EXERCISE REQUIREMENTS
Every line of the listing below is to be duplicated exactly, with the pictures left out.

INFORMATION SHOWN
^^^^^^^^^^^^^^^^

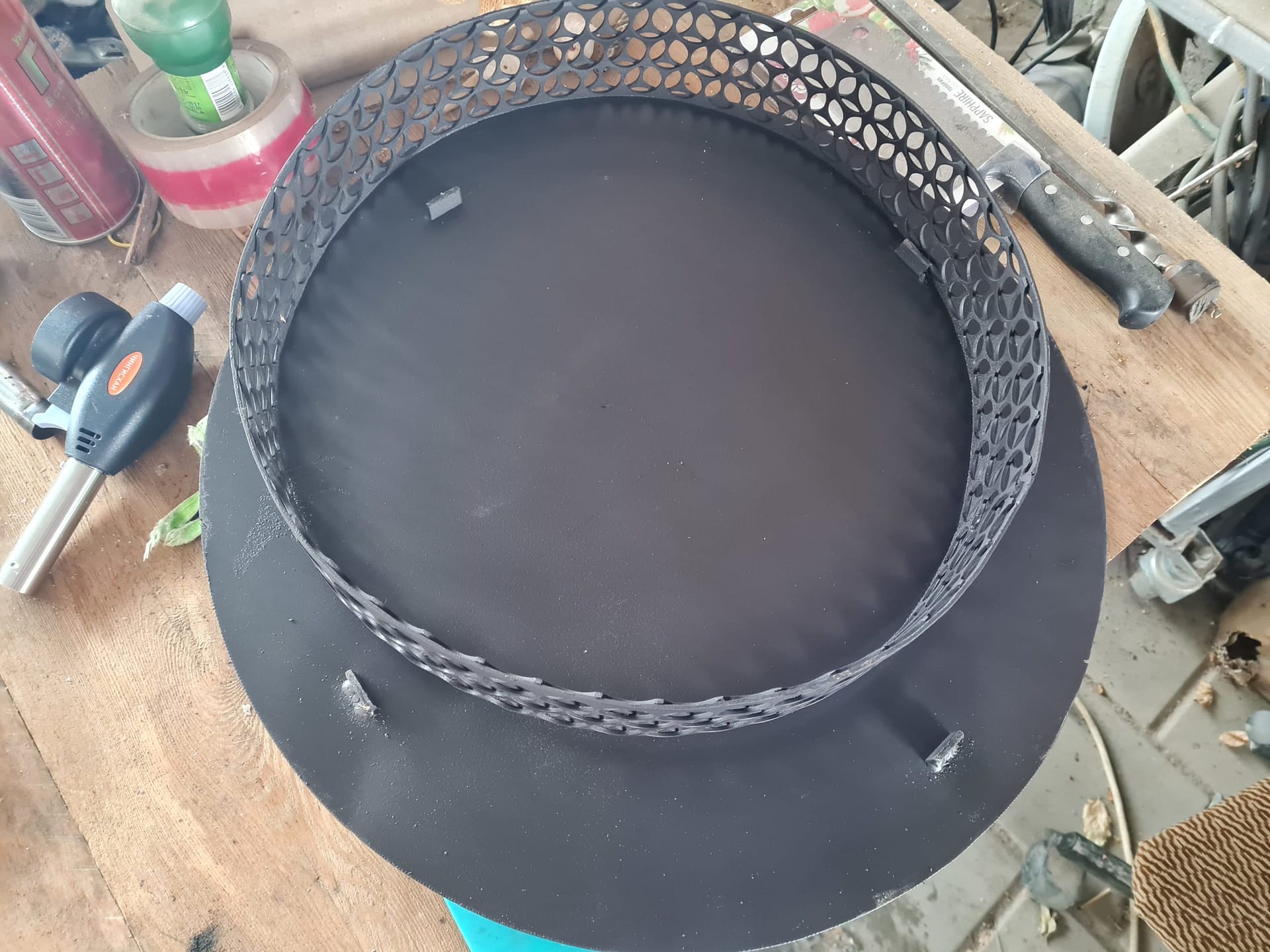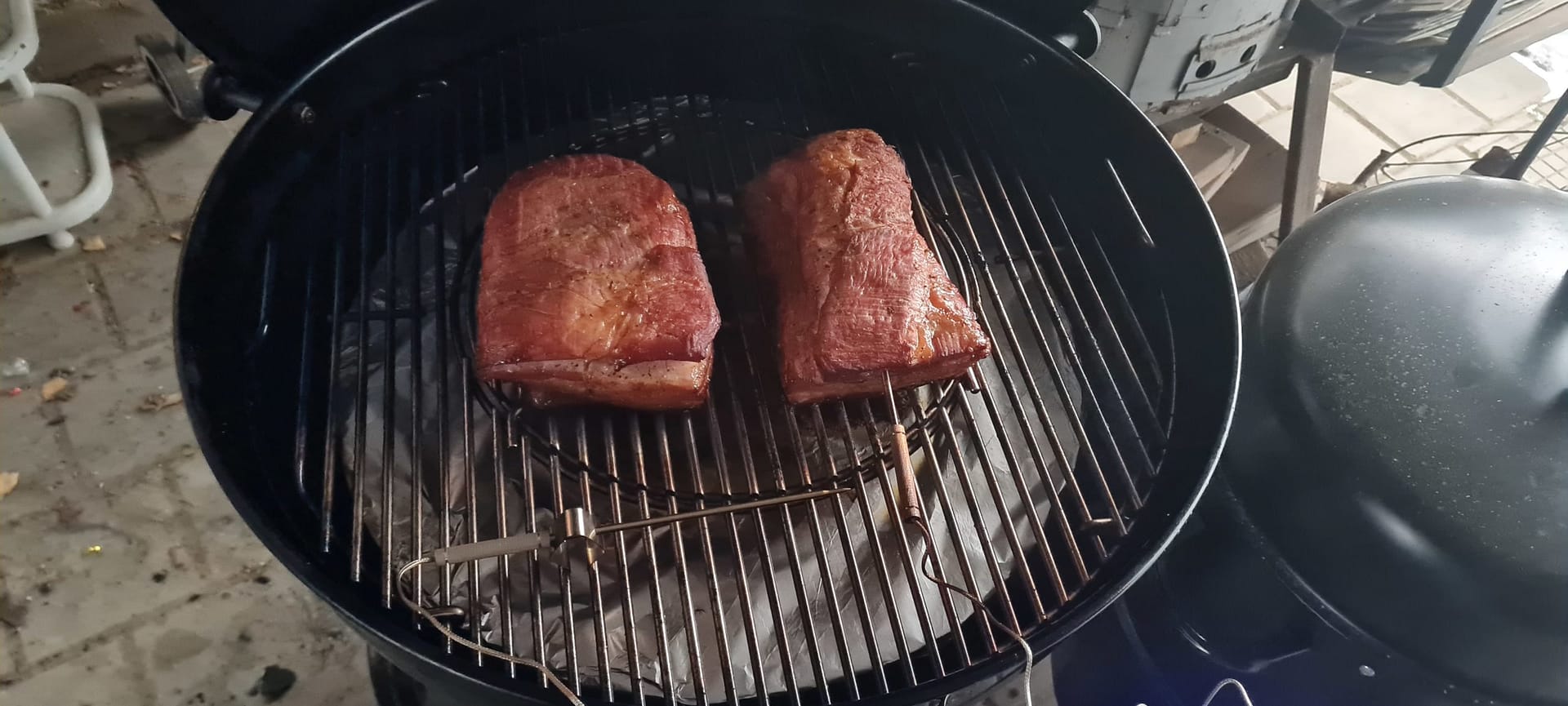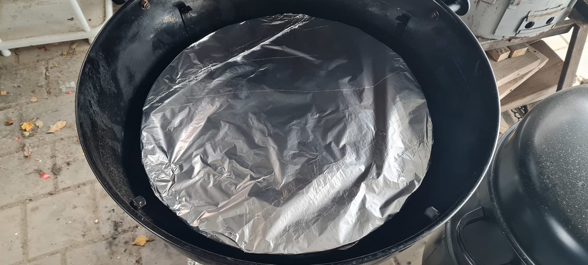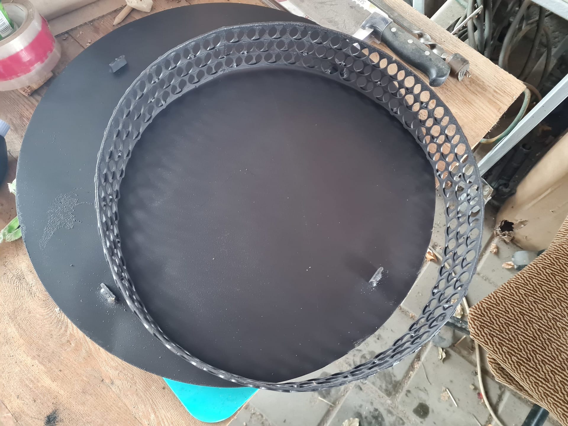 Отсекатель готов. Кольцо из выштамповки толщиной 2 мм сварено в 2 слоя. Сам жароотсекатель из стали толщиной 3 мм. С внутренней стороны приварены ограничители, чтобы не скользило по кольцу. Покрашено огнеупорной краской. Сегодня провел испытания, все работает. Готовил бекон по рецепту Сергея. Думаю по краю жароотсекателя по кругу приварить проволоку диаметром 5 мм, чтобы фольга, которой свеху укрываешь жароотсекатель, работала как поддон. Фото прилагаю
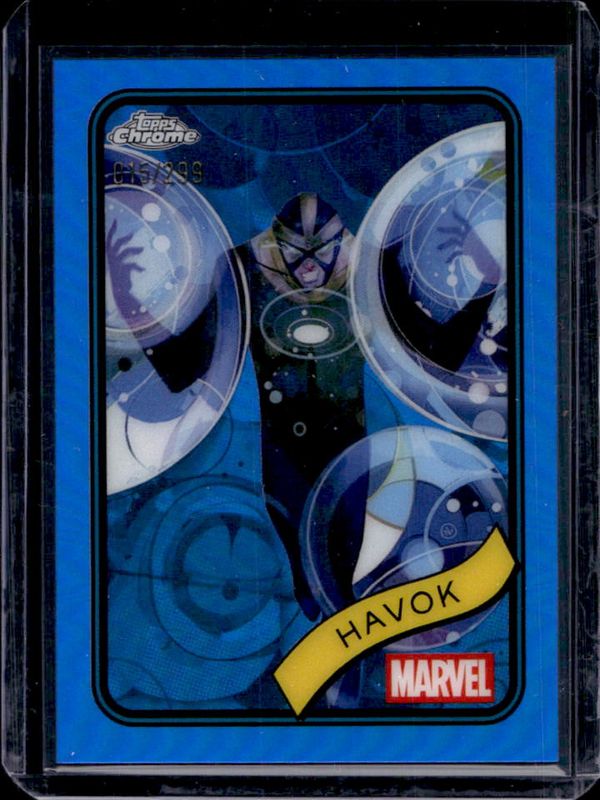 The Havok 2025 Topps Chrome #19 Blue Refractor /299 card is 1 of 29 Havok's card variations in the 2025 Topps Chrome set being tracked by Sports Card Investor, including Base, Refractor, Yellow Lava Refractor, Spider Web Refractor /399, and Blue & Green Shimmer Refractor /199.
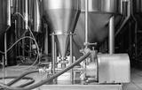 Industrial food pump in brewery fermentation tanks, process of mixing beer and juices to produce craft drink IPA
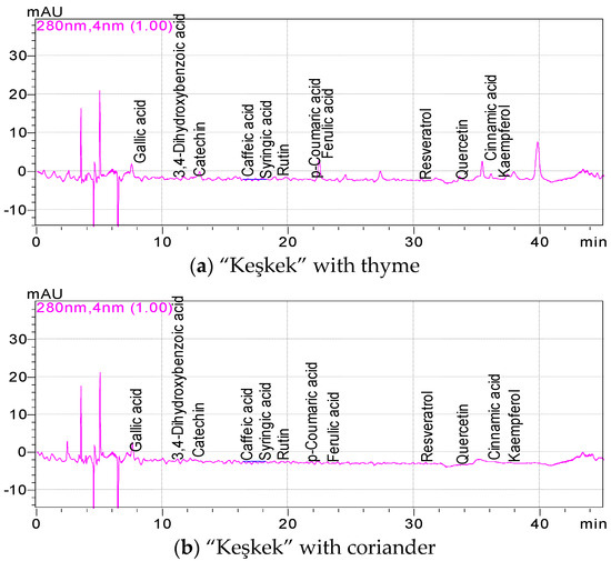The phenolic compounds of “Keşkek” extracts were identified via Shimadzu-HPLC equipped with PDA detector and Inertsil ODS-3 (5 µm; 4.6 × 250 mm) column. Acetic acid (0.05%) (A) and acetonitrile (B) mixtures were used as mobile phase. The flow rate of the mobile phase was 1 mL/min at 30 °C. The injection volume was 20 µL. The peaks were obtained at 280 and 330 nm with PDA detector. The total running time was calibrated as 60 min. Gradient elution was performed for separation and a mixture of 0.05% acetic acid in water (A) and acetonitrile (B) as the mobile phase was used. The flow rate of the mobile phase was 1 mL/min at 30 °C, and the injection volume was 20 µL. The peaks were recorded at 280 and 330 nm using a PDA detector. The total running time per sample was 60 min. Phenolic compounds were determined according to the retention time and absorption spectra of peaks of standard compounds (Figure S1). The total area under peak was used to quantify each of the phenolics.

^^^^^^^^^^^^^^^^

WRITTEN SOLUTION
 Отсекатель готов. Кольцо из выштамповки толщиной 2 мм сварено в 2 слоя. Сам жароотсекатель из стали толщиной 3 мм. С внутренней стороны приварены ограничители, чтобы не скользило по кольцу. Покрашено огнеупорной краской. Сегодня провел испытания, все работает. Готовил бекон по рецепту Сергея. Думаю по краю жароотсекателя по кругу приварить проволоку диаметром 5 мм, чтобы фольга, которой свеху укрываешь жароотсекатель, работала как поддон. Фото прилагаю
 The Havok 2025 Topps Chrome #19 Blue Refractor /299 card is 1 of 29 Havok's card variations in the 2025 Topps Chrome set being tracked by Sports Card Investor, including Base, Refractor, Yellow Lava Refractor, Spider Web Refractor /399, and Blue & Green Shimmer Refractor /199.
 Industrial food pump in brewery fermentation tanks, process of mixing beer and juices to produce craft drink IPA
The phenolic compounds of “Keşkek” extracts were identified via Shimadzu-HPLC equipped with PDA detector and Inertsil ODS-3 (5 µm; 4.6 × 250 mm) column. Acetic acid (0.05%) (A) and acetonitrile (B) mixtures were used as mobile phase. The flow rate of the mobile phase was 1 mL/min at 30 °C. The injection volume was 20 µL. The peaks were obtained at 280 and 330 nm with PDA detector. The total running time was calibrated as 60 min. Gradient elution was performed for separation and a mixture of 0.05% acetic acid in water (A) and acetonitrile (B) as the mobile phase was used. The flow rate of the mobile phase was 1 mL/min at 30 °C, and the injection volume was 20 µL. The peaks were recorded at 280 and 330 nm using a PDA detector. The total running time per sample was 60 min. Phenolic compounds were determined according to the retention time and absorption spectra of peaks of standard compounds (Figure S1). The total area under peak was used to quantify each of the phenolics.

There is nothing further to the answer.